• AIM OF THE TASK: Reproduce the entries word for word, and omit any picture you find in them.

BEGIN MATERIAL SUPPLIED

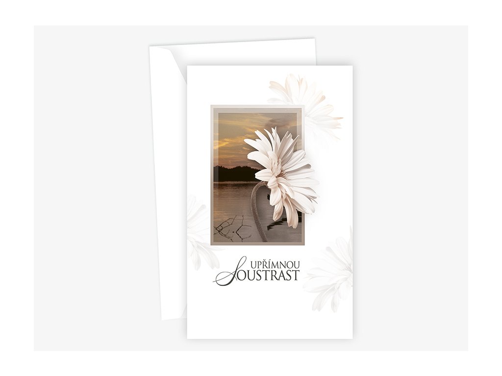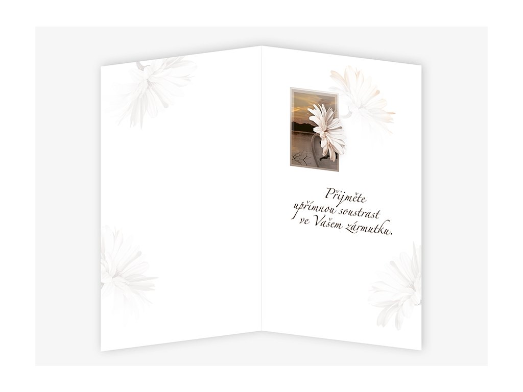 Kondolence, přání úpřímné soustrasti s textem uvnitř přání. Součástí balení je bílá obálka.
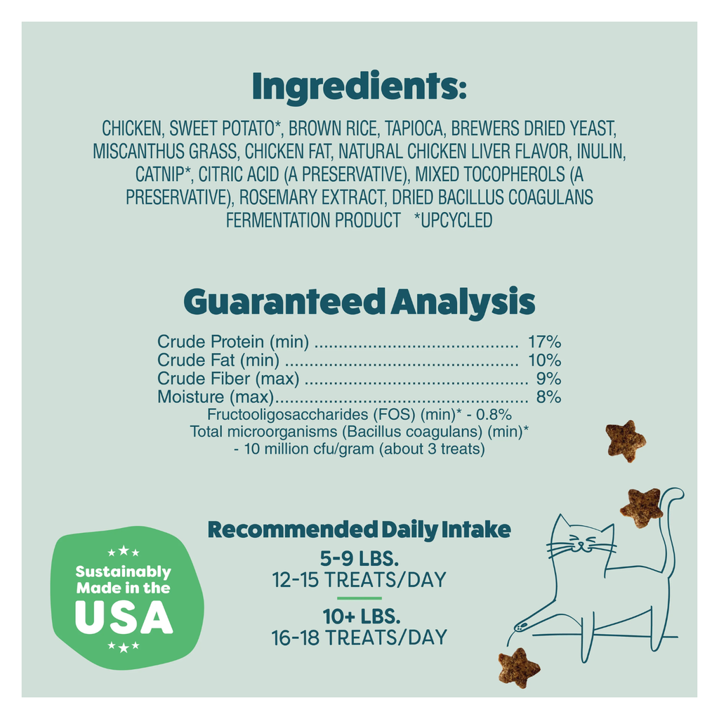 Chicken, sweet potato*, brown rice, tapioca, brewers dried yeast, miscanthus grass, chicken fat, natural chicken liver flavor, catnip, inulin, sorbic acid (a preservative), mixed tocopherols (a preservative), rosemary extract, dried bacillus coagulans fermentation product
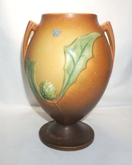 Vtg Roseville Thornapple Pottery Vase Pumpkin Orange Brown 2 Handle 820-9 (NeW)
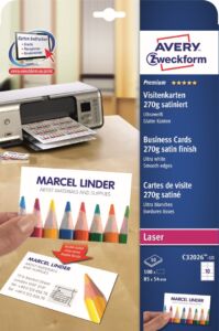 Vizitkový papír Avery Zweckform C32026-10 je ideální na malosériový tisk vizitek, pozvánek, jmenovek apod. Vytiskněte si sami vlastní vizitky jednoduše a rychle z pohodlí Vašeho domova nebo kanceláře. Aktuální vizitky tak budete mít okamžitě k dispozici, v množství, které potřebujete a navíc v profesionální tiskové kvalitě. Absolutně hladké a ostré hrany díky patentované technologii Quick&Clean™ – předsekaný karton zajistí jednoduché, rychlé a přesné vyjmutí jednotlivých vizitek z archu. Tyto vizitky lze potisknout z obou stran, čímž vzniká více prostoru pro doplňkové informace jako například mapku s vyznačením místa Vašeho podnikání, provozní dobu, firemní slogan atd. Při tisku se můžete spolehnout na plynulý průjezd archů tiskárnou bez uvíznutí a ostrý tiskový výstup, který se díky vynikajícímu ukotvení tonerového prášku nerozmazává. Potisknutelný vizitkový fotokarton Avery Zweckform C32026-10 je vhodný pro všechny běžné černobílé i barevné laserové tiskárny, kopírovací stroje a hodí se i pro psaní, resp. ruční popis.
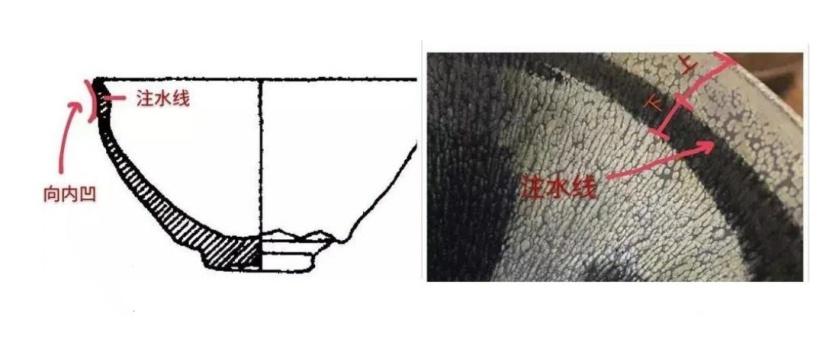 束口的特征:口沿曲折,外缘向内凹,内壁这相应形成一周凸圈(注水线)。
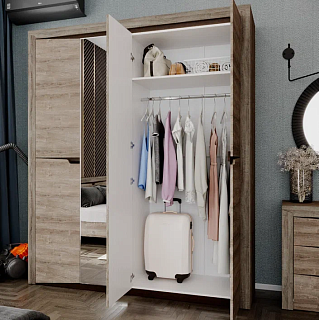 - Шкаф трехстворчатый с зеркалом ХЕЛЕН ШК-02 // белый,белый - Ш 1200 х В 2100 х Г 460 мм
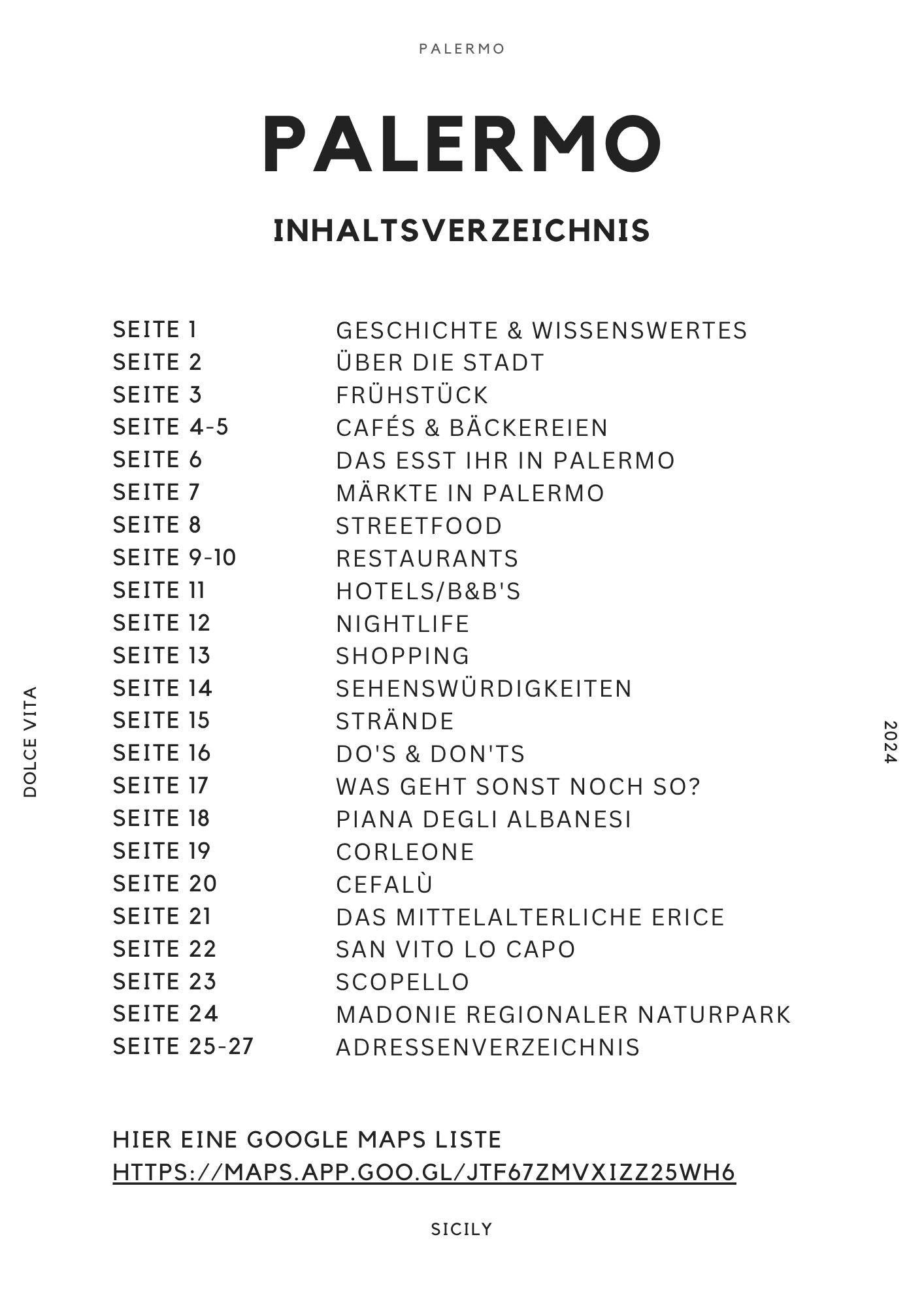 Erlebe Palermo wie ein Einheimischer. In diesem PDF-Guide findest du meine persönlichen Highlights: authentische Restaurants, charmante Bars und Cafés sowie die schönsten Strände rund um Palermo und Cefalù.
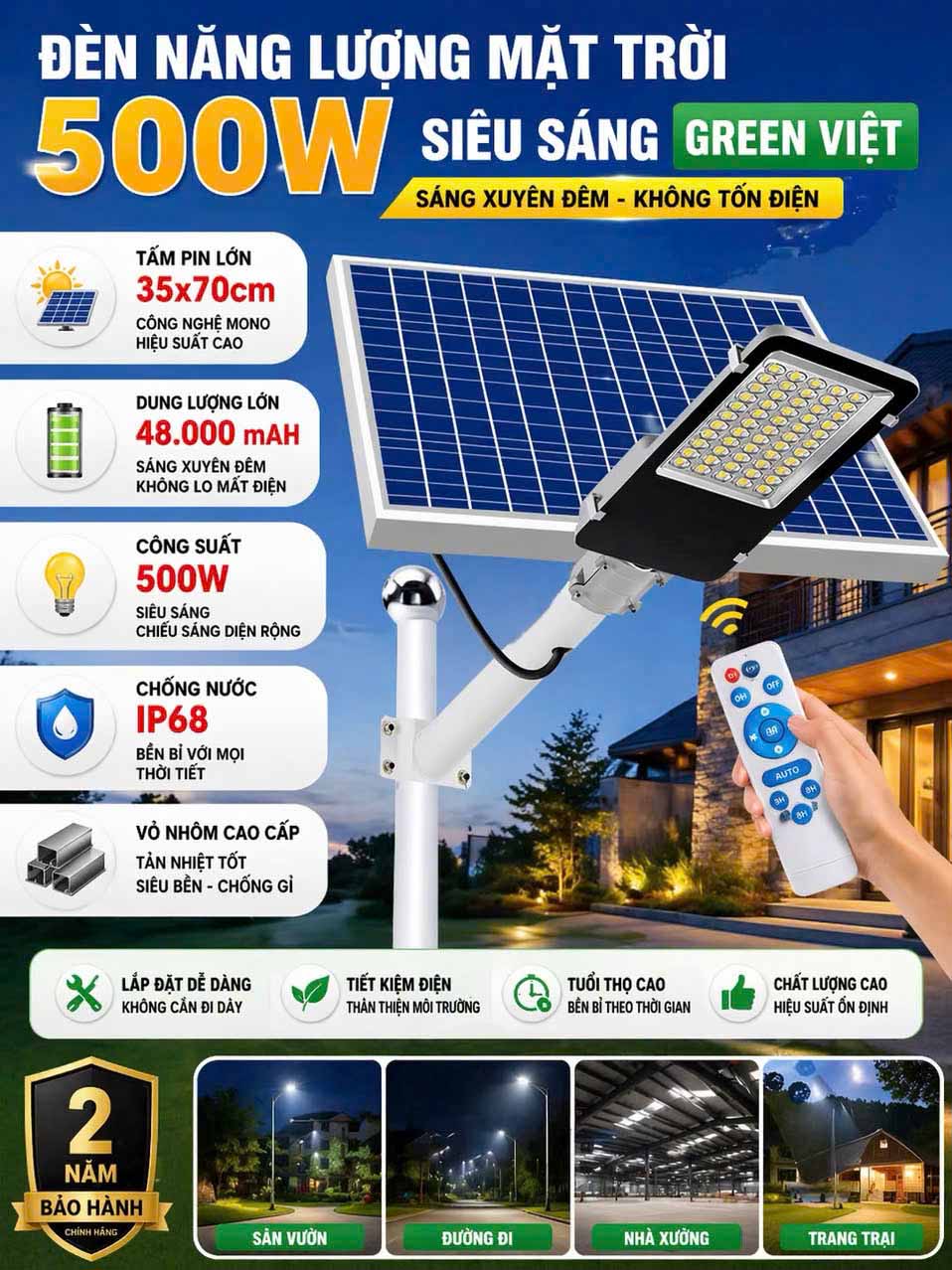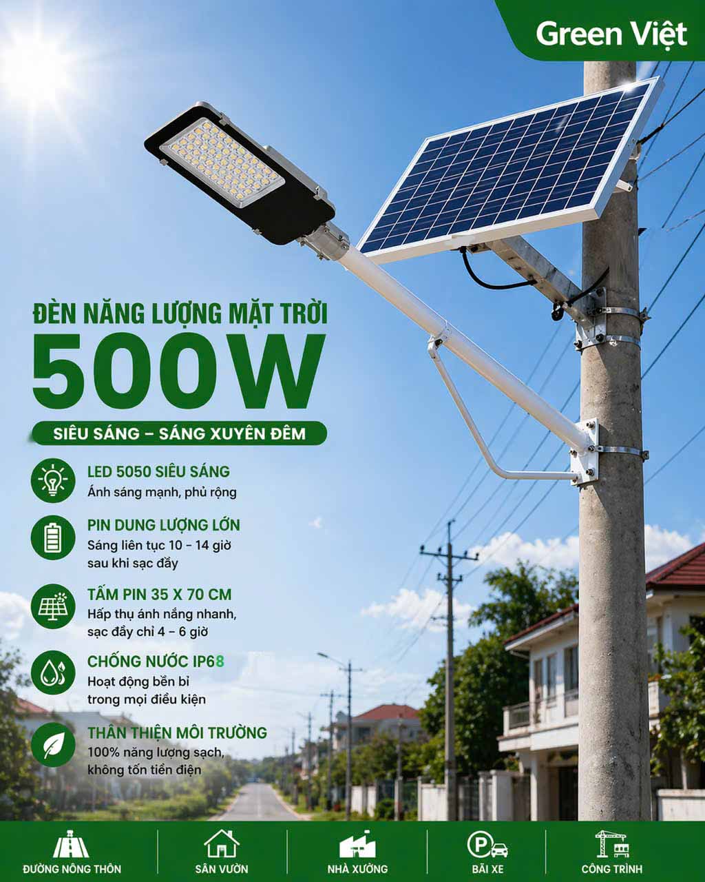 Công ty Green Việt cung cấp mẫu đèn đường năng lượng mặt trời 500W BC500 cao cấp vỏ nhôm tản nhiệt, led siêu sáng, đáp ứng nhu cầu chiếu sân vườn, đường đi, công trình công cộng… cho bạn từ 300- 400m2, chiếu sáng xuyên đêm, mà dùng trên 10 năm không sợ mât đồng tiền điện nào.
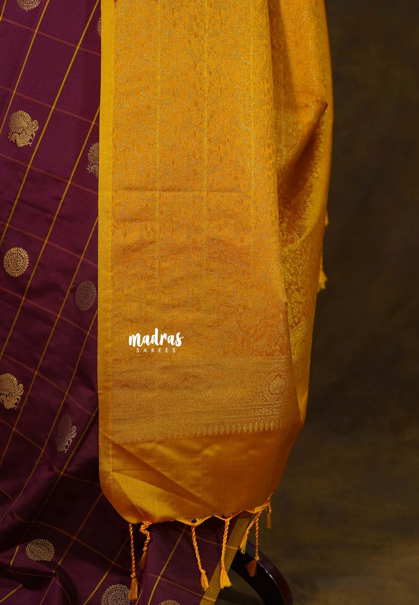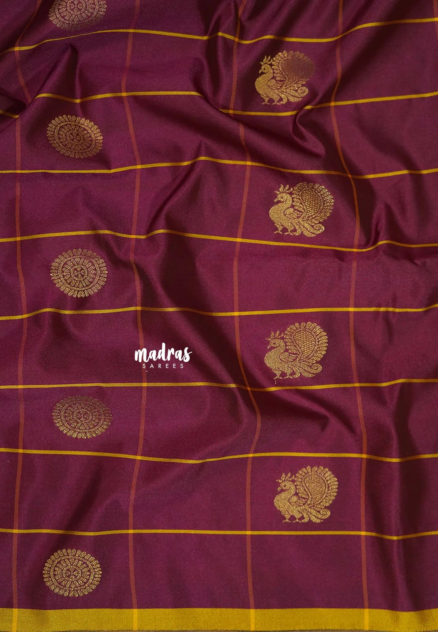 A graceful drape, Hamsavalli features delicate zari checks adorned with traditional peacock and rudraksham motifs. Woven in soft silk, this saree is a perfect blend of heritage charm and contemporary finesse — ideal for festive occasions and timeless celebrations.
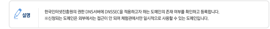 한국인터넷진흥원의 권한 DNS서버에 DNSSEC을 적용하고자 하는 도메인의 존재 여부를 확인하고 등록합니다.
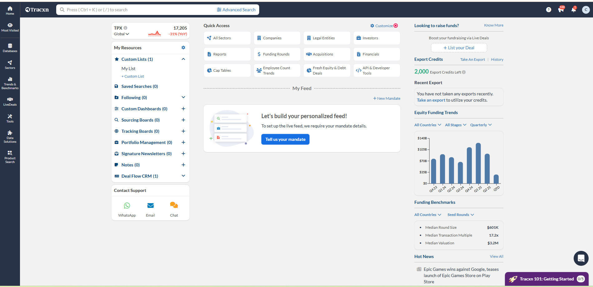 Tracxn is a Private Market Research Platform tailored for students interested in exploring the world of Startups, Emerging Industries, Investment Trends, and much more. It is an invaluable resource that provides comprehensive insights, data, and information into the startup ecosystem, from company financials to details on funding rounds. Tracxn also provides detailed coverage on 4.01M+ companies worldwide, VC/PE analytics, and investment perspective analysis on 250+ industry sectors. Company profiles include detailed competitive landscape, funding information, and Tracxn analysts’ ratings.
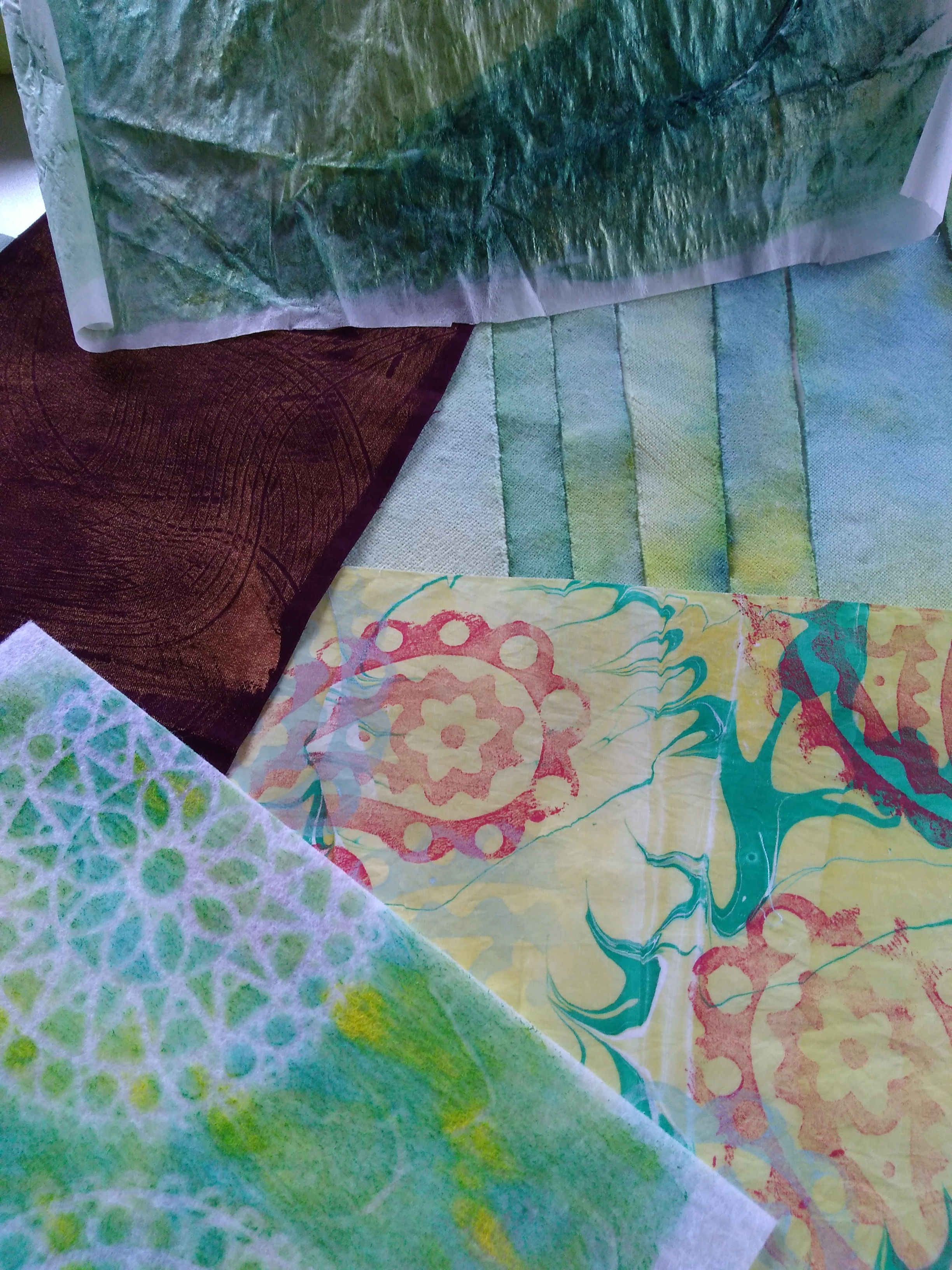 Yesterday was “paint to your hearts content” day. Along with a Texas friend we painted, stamped and printed on anything lying lose in the sewing room. From the top: paper backed fusible web, necktie interfacing, marbled fabric scraps, fusible fleece and a dark polyester sueded fabric. Creative soul sisters (and brothers) will know how fun it is to just play and maybe,without planning, have some interesting results. I feel an artsy project or two or maybe even three coming on!
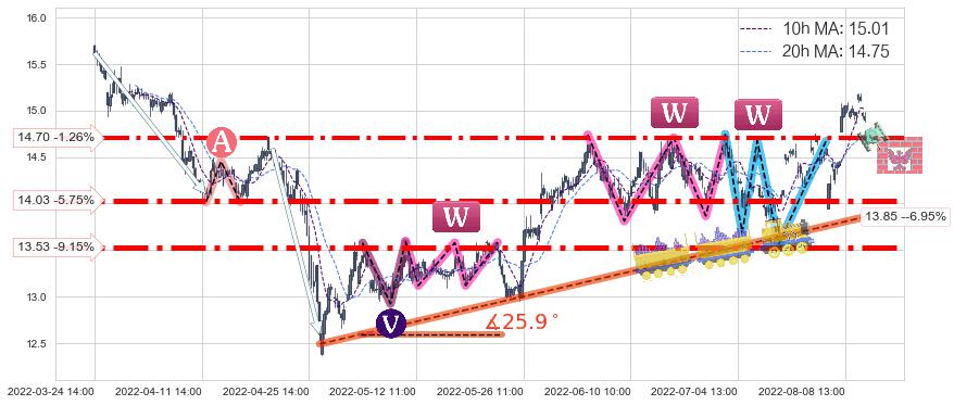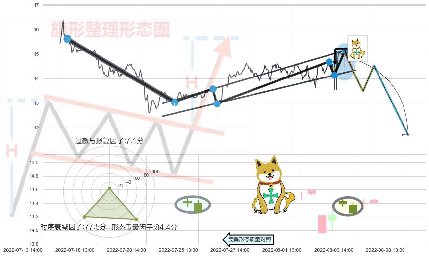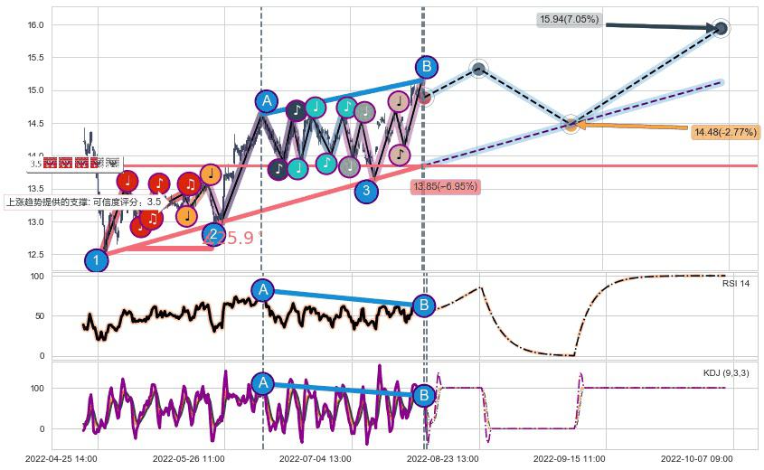 ♘ 支撑价格位14.03,可信任强度89.90%,距离最后交易2022-08-12 14:00形成的收盘价格14.89相差 -5.75%

END MATERIAL SUPPLIED

• FINISHED EXERCISE:
 Kondolence, přání úpřímné soustrasti s textem uvnitř přání. Součástí balení je bílá obálka.
 Chicken, sweet potato*, brown rice, tapioca, brewers dried yeast, miscanthus grass, chicken fat, natural chicken liver flavor, catnip, inulin, sorbic acid (a preservative), mixed tocopherols (a preservative), rosemary extract, dried bacillus coagulans fermentation product
 Vtg Roseville Thornapple Pottery Vase Pumpkin Orange Brown 2 Handle 820-9 (NeW)
 Vizitkový papír Avery Zweckform C32026-10 je ideální na malosériový tisk vizitek, pozvánek, jmenovek apod. Vytiskněte si sami vlastní vizitky jednoduše a rychle z pohodlí Vašeho domova nebo kanceláře. Aktuální vizitky tak budete mít okamžitě k dispozici, v množství, které potřebujete a navíc v profesionální tiskové kvalitě. Absolutně hladké a ostré hrany díky patentované technologii Quick&Clean™ – předsekaný karton zajistí jednoduché, rychlé a přesné vyjmutí jednotlivých vizitek z archu. Tyto vizitky lze potisknout z obou stran, čímž vzniká více prostoru pro doplňkové informace jako například mapku s vyznačením místa Vašeho podnikání, provozní dobu, firemní slogan atd. Při tisku se můžete spolehnout na plynulý průjezd archů tiskárnou bez uvíznutí a ostrý tiskový výstup, který se díky vynikajícímu ukotvení tonerového prášku nerozmazává. Potisknutelný vizitkový fotokarton Avery Zweckform C32026-10 je vhodný pro všechny běžné černobílé i barevné laserové tiskárny, kopírovací stroje a hodí se i pro psaní, resp. ruční popis.
 束口的特征:口沿曲折,外缘向内凹,内壁这相应形成一周凸圈(注水线)。
 - Шкаф трехстворчатый с зеркалом ХЕЛЕН ШК-02 // белый,белый - Ш 1200 х В 2100 х Г 460 мм
 Erlebe Palermo wie ein Einheimischer. In diesem PDF-Guide findest du meine persönlichen Highlights: authentische Restaurants, charmante Bars und Cafés sowie die schönsten Strände rund um Palermo und Cefalù.
 Công ty Green Việt cung cấp mẫu đèn đường năng lượng mặt trời 500W BC500 cao cấp vỏ nhôm tản nhiệt, led siêu sáng, đáp ứng nhu cầu chiếu sân vườn, đường đi, công trình công cộng… cho bạn từ 300- 400m2, chiếu sáng xuyên đêm, mà dùng trên 10 năm không sợ mât đồng tiền điện nào.
 A graceful drape, Hamsavalli features delicate zari checks adorned with traditional peacock and rudraksham motifs. Woven in soft silk, this saree is a perfect blend of heritage charm and contemporary finesse — ideal for festive occasions and timeless celebrations.
 한국인터넷진흥원의 권한 DNS서버에 DNSSEC을 적용하고자 하는 도메인의 존재 여부를 확인하고 등록합니다.
 Tracxn is a Private Market Research Platform tailored for students interested in exploring the world of Startups, Emerging Industries, Investment Trends, and much more. It is an invaluable resource that provides comprehensive insights, data, and information into the startup ecosystem, from company financials to details on funding rounds. Tracxn also provides detailed coverage on 4.01M+ companies worldwide, VC/PE analytics, and investment perspective analysis on 250+ industry sectors. Company profiles include detailed competitive landscape, funding information, and Tracxn analysts’ ratings.
 Yesterday was “paint to your hearts content” day. Along with a Texas friend we painted, stamped and printed on anything lying lose in the sewing room. From the top: paper backed fusible web, necktie interfacing, marbled fabric scraps, fusible fleece and a dark polyester sueded fabric. Creative soul sisters (and brothers) will know how fun it is to just play and maybe,without planning, have some interesting results. I feel an artsy project or two or maybe even three coming on!
 ♘ 支撑价格位14.03,可信任强度89.90%,距离最后交易2022-08-12 14:00形成的收盘价格14.89相差 -5.75%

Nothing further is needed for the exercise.